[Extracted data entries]
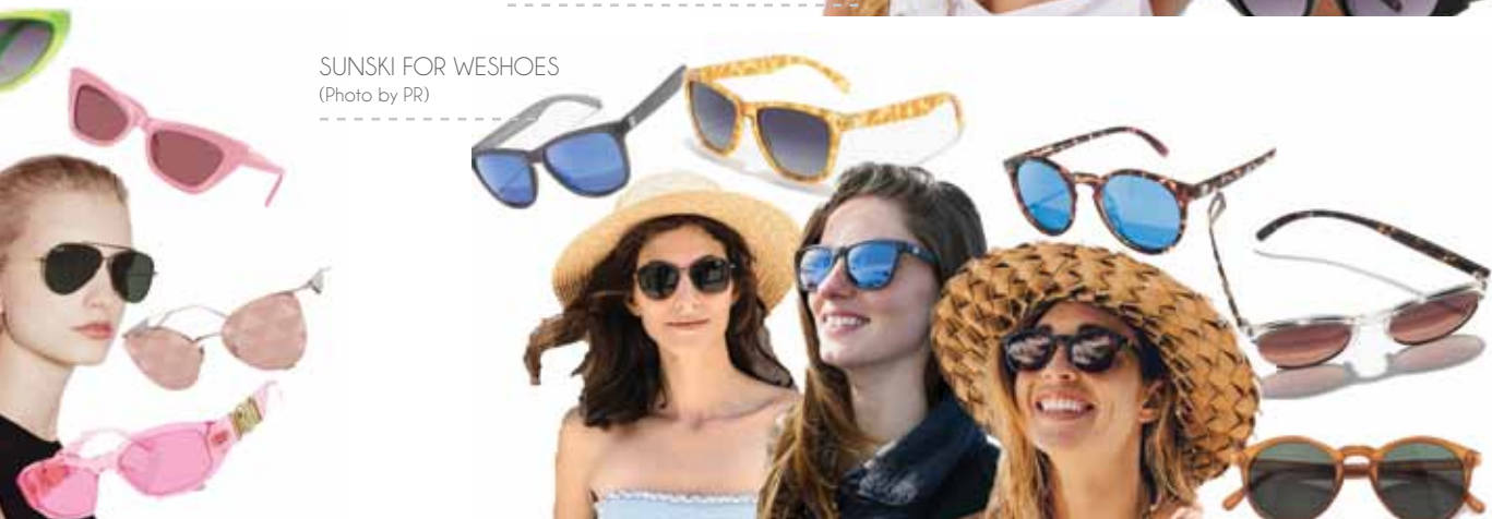
SUNSKI FOR WESHOES
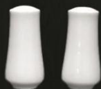
Pepper Shaker 0601 Salt Shaker 0602 Av. Height 10 cm Av. Weight 100 g
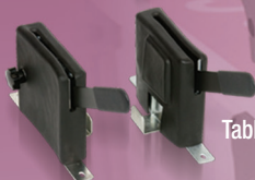
Table Mount Elevators
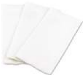
2PLY NAPKINS WHITE 8 FOLD (40CM) (2000)
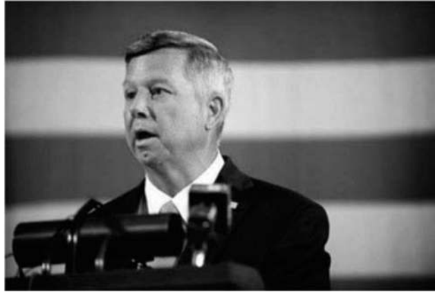
Figure 1. Governor Dave Heineman. From Text 3; caption: Gov. Dave Heineman
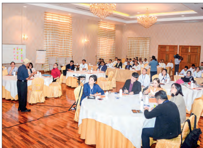
The second day of the workshop in progress yesterday.

THE second day of the "Capacity Building Workshop for Government Spokespersons on Effective Public Relations" was held yesterday at Horizon Lake View Hotel in Nay Pyi Taw.
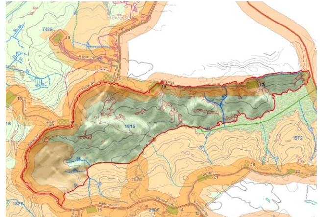
Figure 6. The harvest plan for Site 2 – this is the view the operator saw on HarvestNav.

be noted that on this site HarvestNav was installed in a skidder, and this was only a temporary installation.

■ **INSTRUCTIONS FOR THE TASK**
Select every line of the records holding the string "this".

■ **EXERCISE SOLUTION**
Figure 6. The harvest plan for Site 2 – this is the view the operator saw on HarvestNav.
be noted that on this site HarvestNav was installed in a skidder, and this was only a temporary installation.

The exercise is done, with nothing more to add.